* _Work instruction_
In the data below, find the line containing "3-Blade Impeller A1839"; transcribe it and each line after it exactly, through the last, skipping pictures.

Segment Start: Records supplied

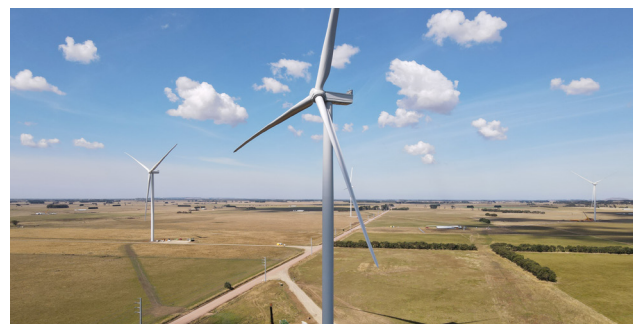
Mortlake South Wind Farm
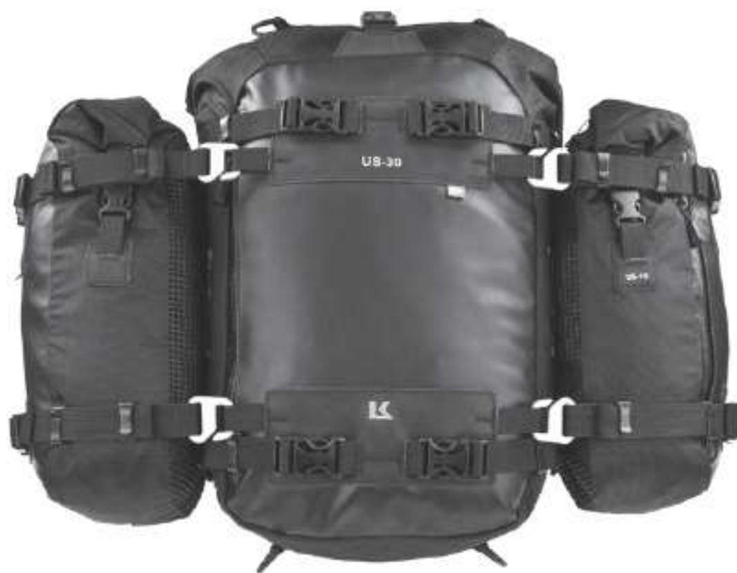
50 litres US30+(2 x US10)
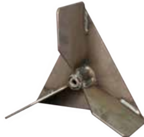
3-Blade Impeller A1839
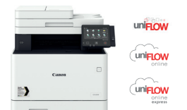
i-SENSYS X C1127iF
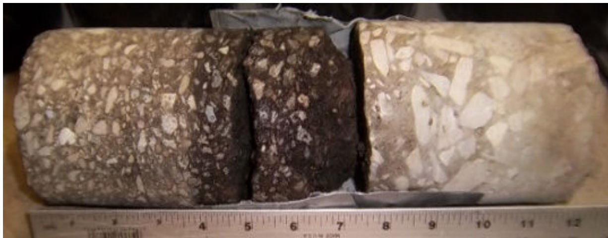
Core #2 Location: NW Center of Intersection 7 1/2" Asphalt / 4 1/2" Concrete
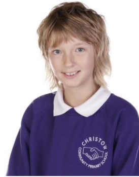
Ivy Rights Respecting Ambassador
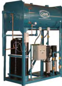
CBW Feedwater Tank

A compact feedwater system to take up less space by incorporating a water softener, feedwater pumps, control panel and hardness alarm into one system, ready to pipe into any system.
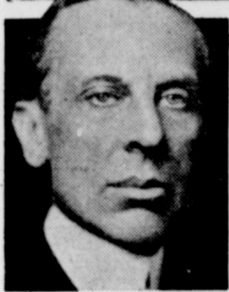
ROAD TO PROGRESS —"To achieve progress," declares Alfred P. Sloan, Jr., President of General Motors, "we must encourage constructive effort, stimulate the exercise of initiative, and establish confidence in the belief that constructive performance justifies the opportunity of reasonable reward." His views are published in The American Magazine.
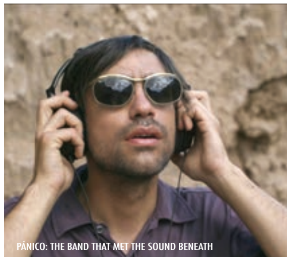
PÁNICO: THE BAND THAT MET THE SOUND BENEATH
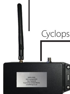
Cyclops N2K lead
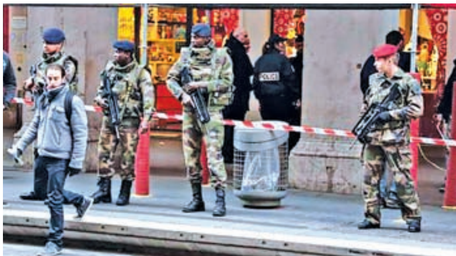
French soldiers stand guard outside a Jewish Community centre, where two French soldiers were attacked and wounded in a knife attack in Nice on 3 Feb, 2015.
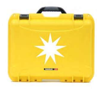
ATA SPECIFICATION 300 CATEGORY 1 IMPACT
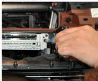
6. Unscrews 2 screws beside CD and take out CD.

Segment End: Records supplied

* _Your solution_
3-Blade Impeller A1839
i-SENSYS X C1127iF
Core #2 Location: NW Center of Intersection 7 1/2" Asphalt / 4 1/2" Concrete
Ivy Rights Respecting Ambassador
CBW Feedwater Tank

A compact feedwater system to take up less space by incorporating a water softener, feedwater pumps, control panel and hardness alarm into one system, ready to pipe into any system.
ROAD TO PROGRESS —"To achieve progress," declares Alfred P. Sloan, Jr., President of General Motors, "we must encourage constructive effort, stimulate the exercise of initiative, and establish confidence in the belief that constructive performance justifies the opportunity of reasonable reward." His views are published in The American Magazine.
PÁNICO: THE BAND THAT MET THE SOUND BENEATH
Cyclops N2K lead
French soldiers stand guard outside a Jewish Community centre, where two French soldiers were attacked and wounded in a knife attack in Nice on 3 Feb, 2015.
ATA SPECIFICATION 300 CATEGORY 1 IMPACT
6. Unscrews 2 screws beside CD and take out CD.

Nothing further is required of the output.